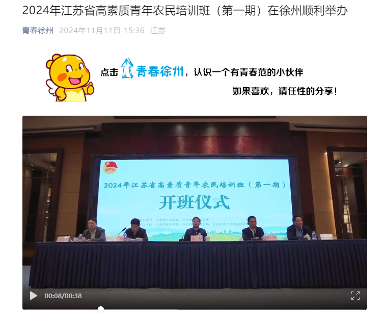 - 2024年江苏省高素质青年农民培训班(第一期)在徐州顺利举办2024-11-11
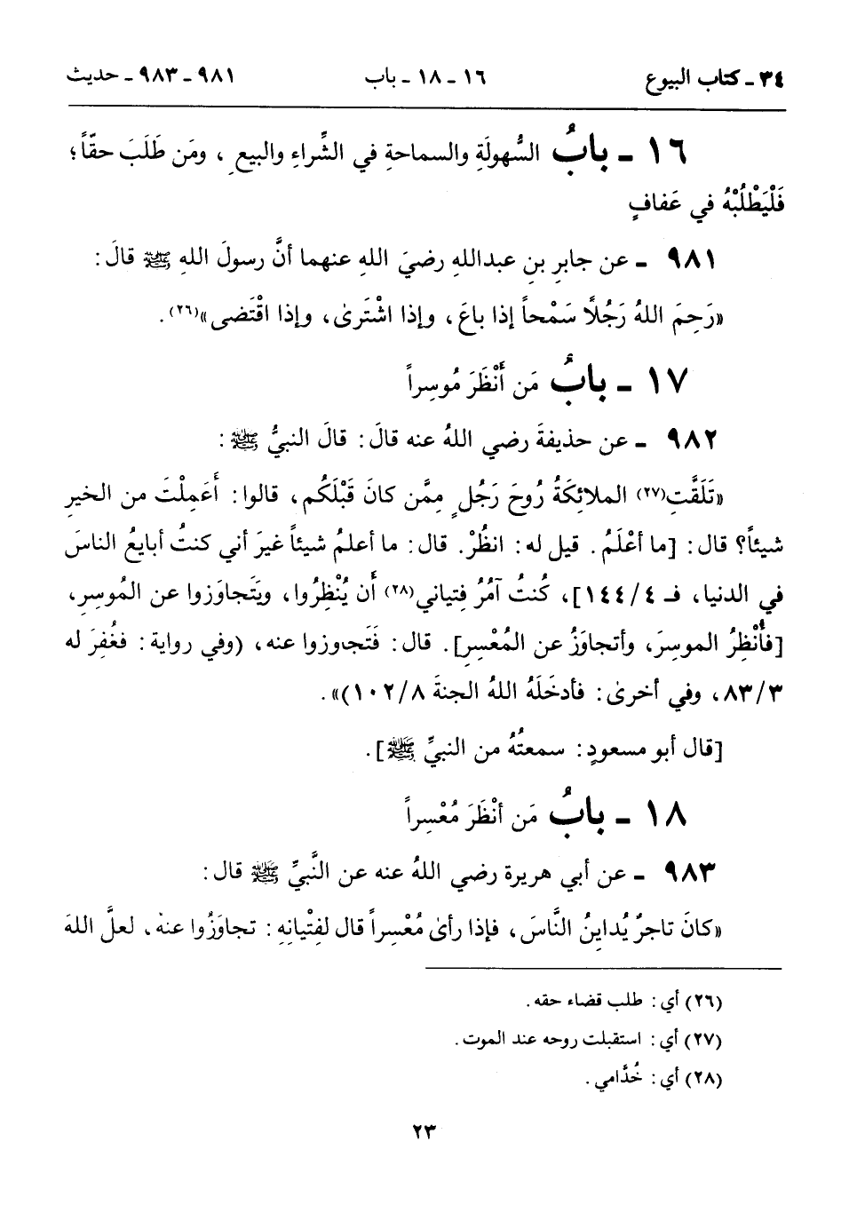"تَلَقَّتِ (27) الملائِكَةُ رُوحَ رَجُلٍ مِمَّن كانَ قَبْلَكُم، قالوا: أَعَمِلْتَ من الخيرِ شيئاً؟ قال: [ما أعْلَمُ. قيل له: انظُرْ. قال: ما أعلمُ شيئاً غيرَ أني كنتُ أبايعُ الناسَ في الدنيا، ف 4/ 144]، كُنتُ آمُرُ فِتياني (28) أَن يُنْظِرُوا، ويَتَجاوَزوا عن المُوسِرِ، [فأُنْظِرُ الموسِرَ، وأتجاوَزُ عن المُعْسِرِ]. قال: فَتَجاوزوا عنه، (وفي روايةٍ: فغُفِرَ له 3/ 83، وفي أخرى: فأدخَلَهُ اللهُ الجنةَ 2/ 108) ".
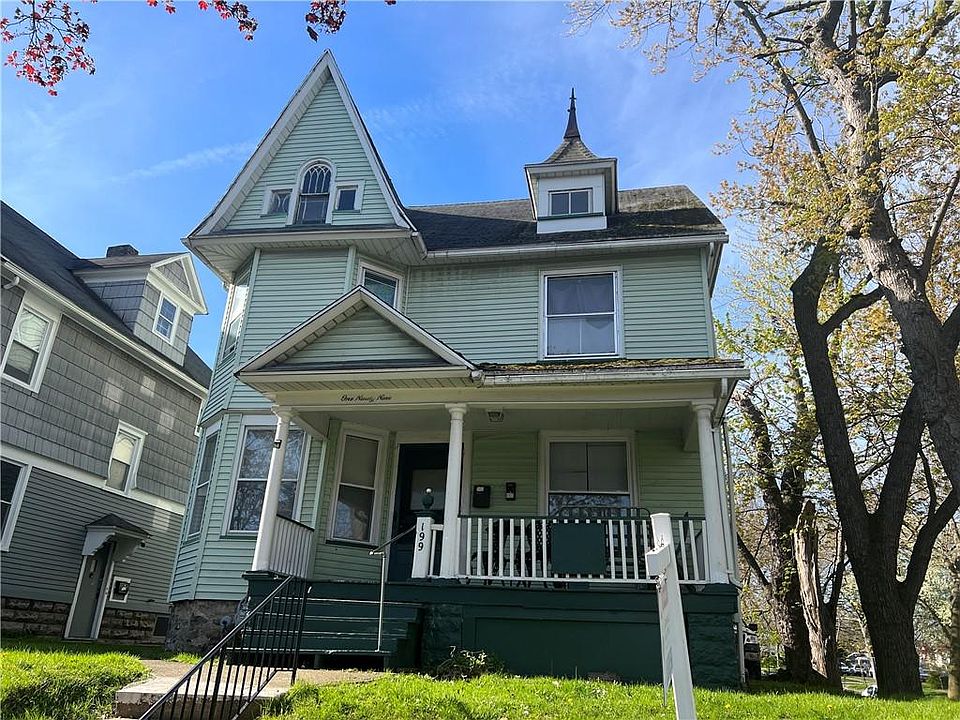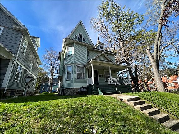 Another Rockin' Rochester investment property. Boston Style Duplex on a large corner lot with detached garage. Great investment opportunity in the Maplewood Neighborhood. Lower unit has 2 bedrooms, a large open porch, Eat-In kitchen & Living Room. Upper unit is 2 bedrooms, enclosed screened porch, a separate side entrance and finished attic area. 2 recent furnaces, separate utilities. GAI of $17,400. Upper unit now vacant and perfect for an owner occupant. Seller will only supply an existing survey with an affidavit at closing (at no charge). Buyer will need to pay for a new survey if they desire one.
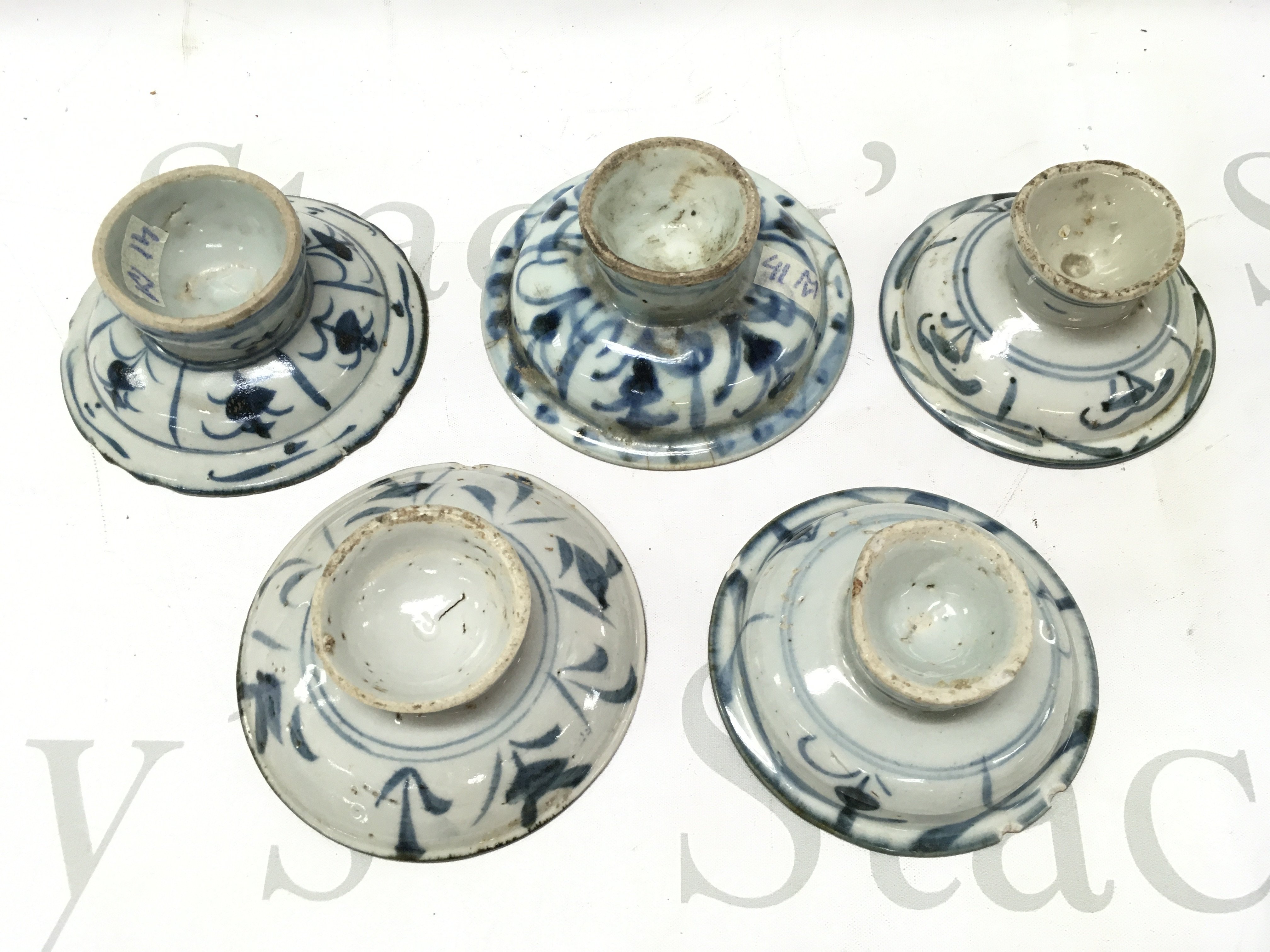 Five Chinese Ming stem bowls , hairline cracks and chips. approximately 2 inches high 4 inches wide. This lot cannot be posted
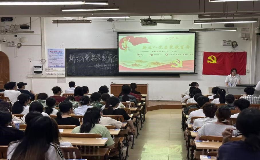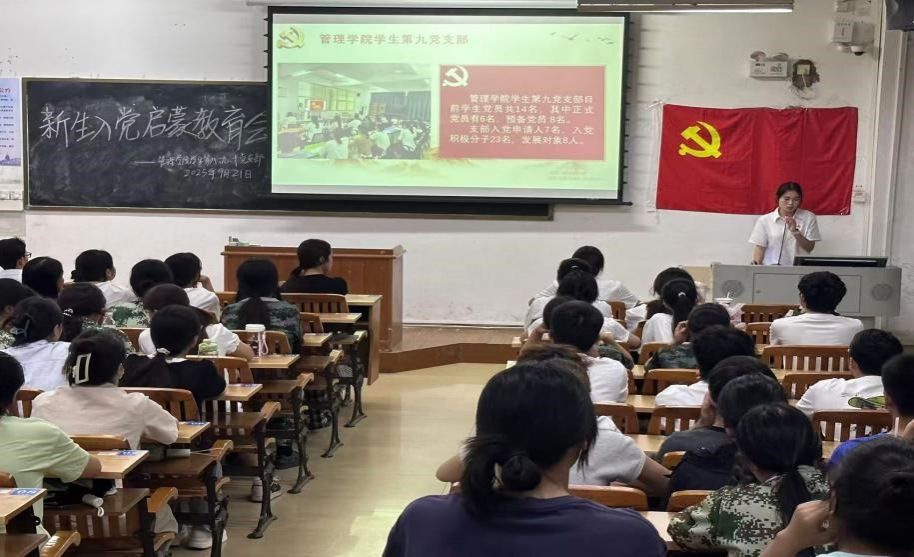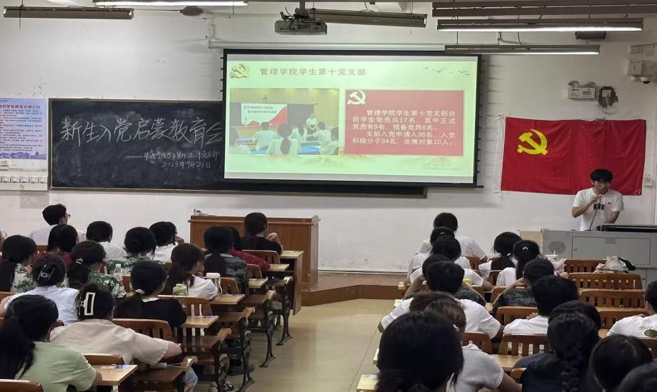 9月21日,梧州学院管理学院学生第八、九、十党支部在明理楼S405教室,联合举办2025级新生入党启蒙教育大会,由黄思燕、覃嘉怡、黄神主持,三支部班子成员及全体2025级新生参会。

Requirement » Your answer must be an exact copy of the entries above, with no pictures in it.

Your solution »
 - 2024年江苏省高素质青年农民培训班(第一期)在徐州顺利举办2024-11-11
"تَلَقَّتِ (27) الملائِكَةُ رُوحَ رَجُلٍ مِمَّن كانَ قَبْلَكُم، قالوا: أَعَمِلْتَ من الخيرِ شيئاً؟ قال: [ما أعْلَمُ. قيل له: انظُرْ. قال: ما أعلمُ شيئاً غيرَ أني كنتُ أبايعُ الناسَ في الدنيا، ف 4/ 144]، كُنتُ آمُرُ فِتياني (28) أَن يُنْظِرُوا، ويَتَجاوَزوا عن المُوسِرِ، [فأُنْظِرُ الموسِرَ، وأتجاوَزُ عن المُعْسِرِ]. قال: فَتَجاوزوا عنه، (وفي روايةٍ: فغُفِرَ له 3/ 83، وفي أخرى: فأدخَلَهُ اللهُ الجنةَ 2/ 108) ".
 Another Rockin' Rochester investment property. Boston Style Duplex on a large corner lot with detached garage. Great investment opportunity in the Maplewood Neighborhood. Lower unit has 2 bedrooms, a large open porch, Eat-In kitchen & Living Room. Upper unit is 2 bedrooms, enclosed screened porch, a separate side entrance and finished attic area. 2 recent furnaces, separate utilities. GAI of $17,400. Upper unit now vacant and perfect for an owner occupant. Seller will only supply an existing survey with an affidavit at closing (at no charge). Buyer will need to pay for a new survey if they desire one.
 Five Chinese Ming stem bowls , hairline cracks and chips. approximately 2 inches high 4 inches wide. This lot cannot be posted
 9月21日,梧州学院管理学院学生第八、九、十党支部在明理楼S405教室,联合举办2025级新生入党启蒙教育大会,由黄思燕、覃嘉怡、黄神主持,三支部班子成员及全体2025级新生参会。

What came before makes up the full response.